Productiviteit bouw blijft nog achter bij de industrie
Hoewel de arbeidsproductiviteit in de bouw flink steeg, bleef de groei achter bij de stijging van de productiviteit in andere sectoren in Nederland zoals bijvoorbeeld de industrie. Factoren die de productiviteitsgroei in de bouw belemmeren zijn de plaatsgebondenheid. Projecten vinden steeds ergens anders plaats en dure machines zijn moeilijker te verplaatsen. Ook is de bouwmarkt volatiel. Pieken en dalen wisselen elkaar af.
“Het onderzoek van ING toont aan dat de Nederlandse bouw internationaal aan kop gaat op het gebied van innovatie. Dat is een goede zaak. Het belang van efficiënt werken neemt alleen maar toe door de grote maatschappelijke opdracht die de bouw heeft. Denk bijvoorbeeld aan de hoeveelheid werk die er op de bouw afkomt door de kabinetsambities voor verduurzaming van de woningvoorraad, de renovatie- en vervangingsopgaaf van infrastructuur en de grote vraag naar extra huizen. We gaan qua arbeidsproductiviteit de goede kant op maar de vergelijking met de industrie leert ons dat de bouw vol in moet blijven zetten op verdere innovatie.”, aldus Maxime Verhagen, voorzitter van Bouwend Nederland.

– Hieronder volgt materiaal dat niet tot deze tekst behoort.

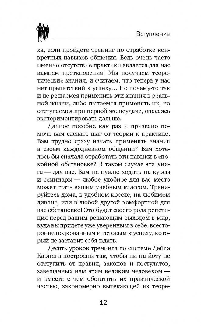 ОписаниеСоветы Карнеги, как правильно общаться, изменили к лучшему жизнь миллионов людей в Америке, Европе и России. Это число наверняка увеличилось бы, если читатели получили бы упражнения, с помощью которых они могли накрепко "внедрить" эти советы в свою жизнь, свое создание! Такая книга создана. Она перед вами!Здесь вы найдете 10 уроков по системе Карнеги. Эти уроки насыщены упражнениями, выполняя которые вы существенно повысите уровень своего общения.Настольная книга для тех, кто действительно хочет научиться общаться!Советы Карнеги, как правильно общаться, изменили к лучшему жизнь миллионов людей в Америке, Европе и России. Это число наверняка увеличилось бы, если читатели получили бы упражнения, с помощью которых они могли накрепко "внедрить" эти советы в свою жизнь, свое создание! Такая книга создана. Она перед вами!Здесь вы найдете 10 уроков по системе Карнеги. Эти уроки насыщены упражнениями, выполняя которые вы существенно повысите уровень своего общения.Настольная книга для тех, кто действительно хочет научиться общаться!
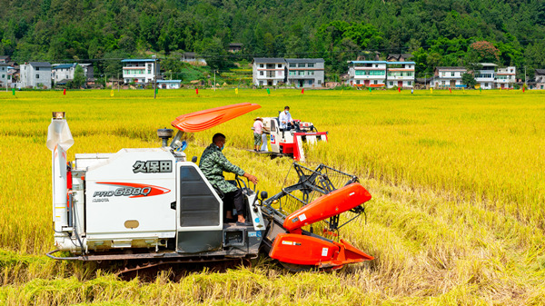 機(jī)械收割稻谷現(xiàn)場(chǎng)。奉節(jié)宣傳部供圖
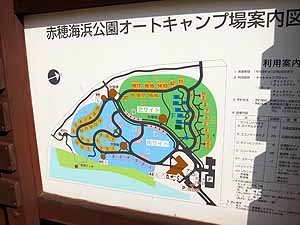 すぐとなりに"赤穂海浜公園オートキャンプ場"なる超近代的なオートキャンプ場があったので見学。相当にきれいで快適そうだが、お値段もそれなり。直接海に面していないのは残念かな? |
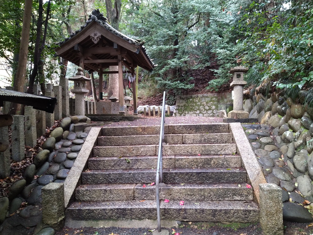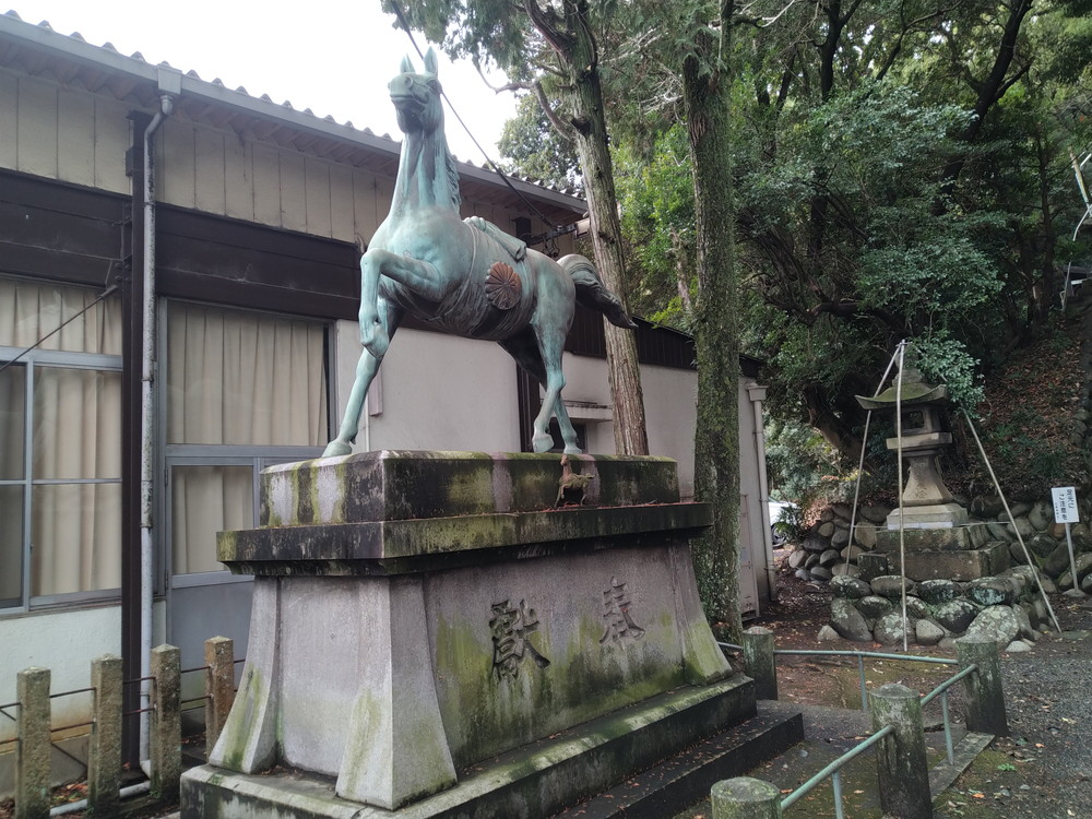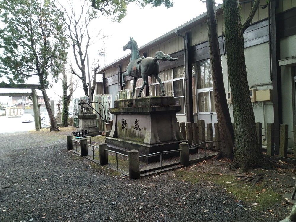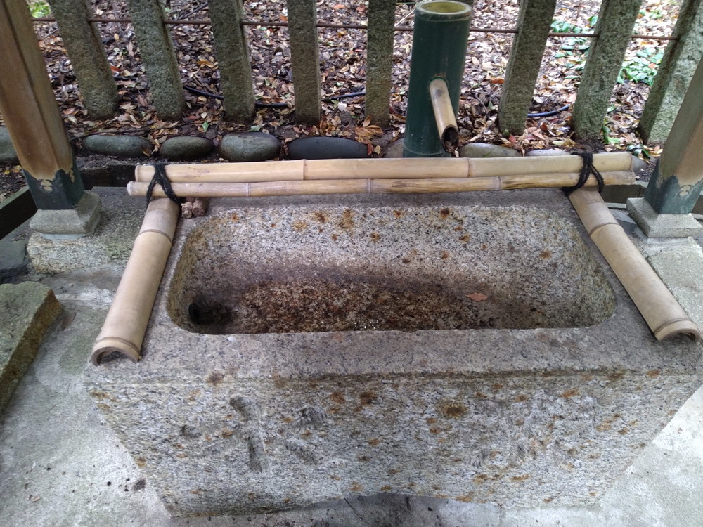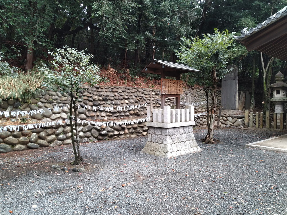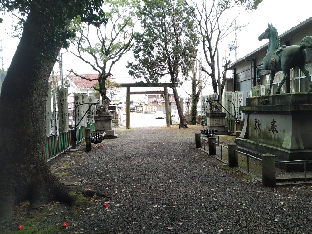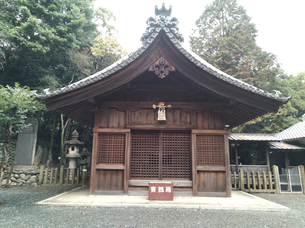 渡り廊下側から覗いたら本殿の神明造りがちょっと見えた

Innovatie in de bouw wordt de komende jaren verder gestimuleerd door de recente oprichting van het Bouw- en Techniek Innovatie Centrum (BTIC). Via het BTIC bundelen overheden, kennisinstellingen en marktpartijen uit de bouw- en technieksector hun inspanningen op het gebied van kennis en innovatie. Het BTIC is het vliegwiel voor versnelling van de innovatie en het breed delen van kennis en oplossingen.
Publicatie ING Economisch Bureau
Lees de publicatie van ING Economisch Bureau over arbeidsproductiviteit waarin staat dat de bouw in Nederland harder groeit dan in andere landen.
NB: De 12 onderzochte landen uit de Europese Unie zijn: België, Duitsland, Finland, Frankrijk, Griekenland, Ierland, Italië, Luxemburg, Nederland, Oostenrijk , Portugal en Spanje.